Thursday, April 17, 2008

BROOKS: IT'S OK AS LONG AS YOU DON'T DO IT TO A REPUBLICAN

In a debate post-mortem last night, David Brooks went contrarian on us and said that ABC's Charlie Gibson and George Stephanopoulos asked brilliant, thoroughly relevant questions -- because it's a good thing to ask about issues that seem insignificant or tangential.

Funny thing, though -- Brooks didn't always feel that way.

Here's Brooks just after last night's debate:

...Democrats, and especially Obama supporters, are going to jump all over ABC for the choice of topics: too many gaffe questions, not enough policy questions.

I understand the complaints, but I thought the questions were excellent. The journalist's job is to make politicians uncomfortable, to explore evasions, contradictions and vulnerabilities. Almost every question tonight did that....

We may not like it, but issues like Jeremiah Wright, flag lapels and the Tuzla airport will be important in the fall. Remember how George H.W. Bush toured flag factories to expose Michael Dukakis. It's legitimate to see how the candidates will respond to these sorts of symbolic issues....


Now here's Brooks in a sneering review he published last August of The Political Brain by Drew Westen, a psychology professor at Emory University:

...Westen urges Democratic candidates to go for the gut, and includes a number of speeches that he wishes Democratic candidates had given. He wishes, for example, Al Gore had hit George Bush harder for being a drunk. He wishes Gore had interrupted a presidential debate and barked at Bush, "If someone is going to restore dignity to the Oval Office, it isn't a man who drank his way through three decades of his life and got investigated by his father's own Securities and Exchange Commission for swindling people out of their retirement savings."

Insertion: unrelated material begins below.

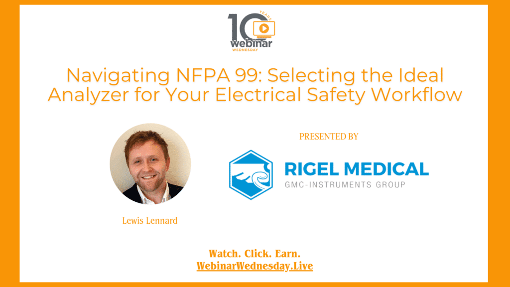 The TechNation Webinar Wednesday recently continued its 10-year anniversary celebration with the session “Navigating NFPA 99: Selecting the Ideal Analyzer for Your Electrical Safety Workflow.” The webinar, sponsored by Rigel Medical, is eligible for 1 credit from the ACI.
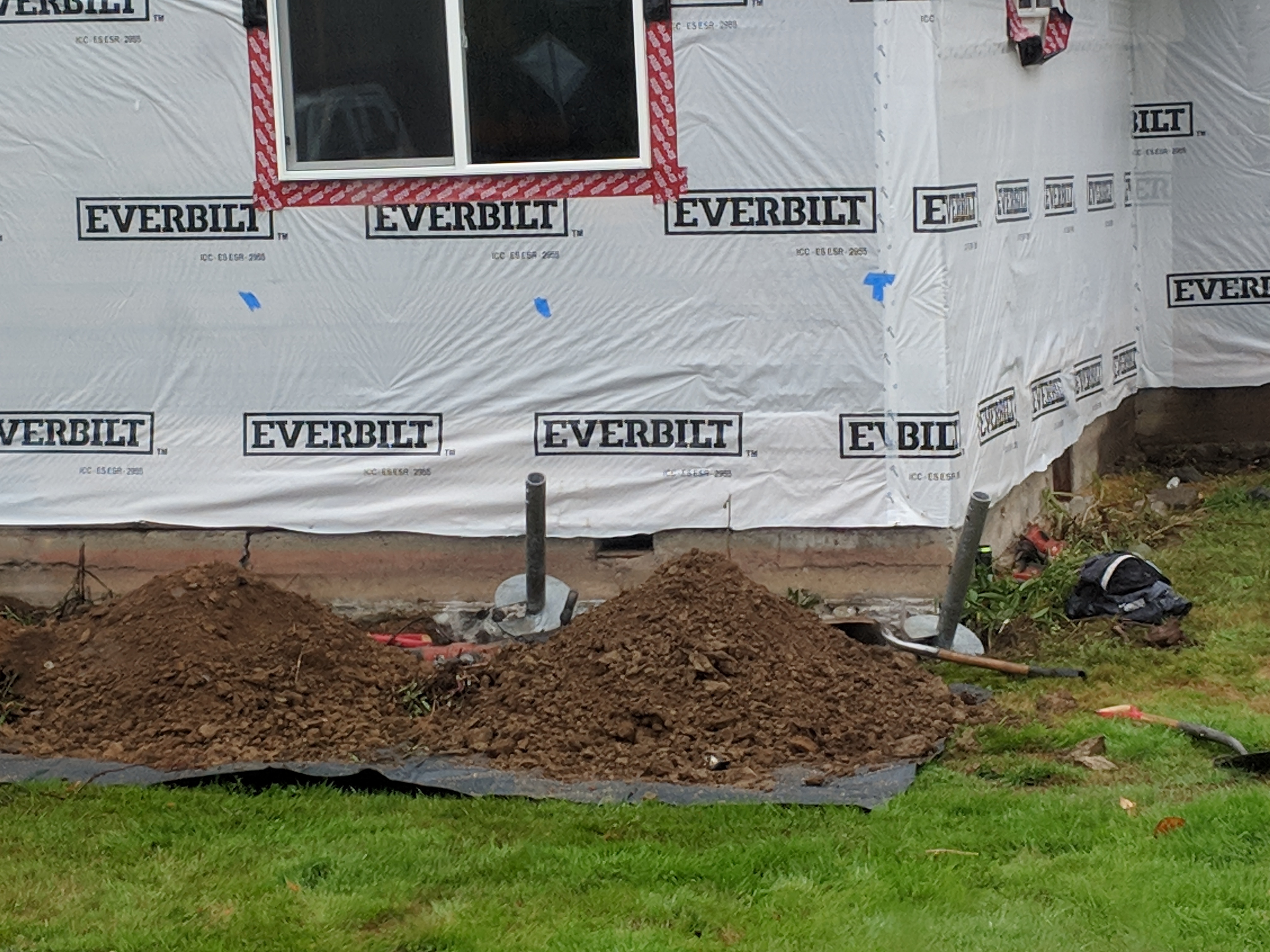 Next, they placed several augers and steel pipes in place to begin the underpinning process.

At another point, he imagines Gore exploding: "Why don't you tell us how many times you got behind the wheel of a car with a few drinks under your belt, endangering your neighbors' kids? Where I come from, we call that a drunk." If Democrats would go for people's primitive passions in this way, Westen argues, they'd win elections.

This thesis raises some interesting questions. First, why did someone with so little faith in rational inquiry go into academia, and what does he do to those who disagree with him at Emory faculty meetings, especially recovering alcoholics?

...Finally, if voter decisions are driven by the sort of crude emotional outbursts Westen recommends, ... then shouldn't we abandon this whole democracy thing? Shouldn't we have a coup, led perhaps by the Emory psychology department, which could prevent the brutish and hate-filled from ever gaining control? ...


So, let's sum up. It's OK for reporters to hammer Obama on flag pins and incidental contact with '60s radicals. It's OK for Poppy Bush to run an Atwater campaign based on Michael Dukakis's alleged attitude toward the flag. Reporters and Republicans can always attack Democrats.

But a Democrat (or a pro-Democratic college professor) attacking a Republican in a similar way? Heaven forfend.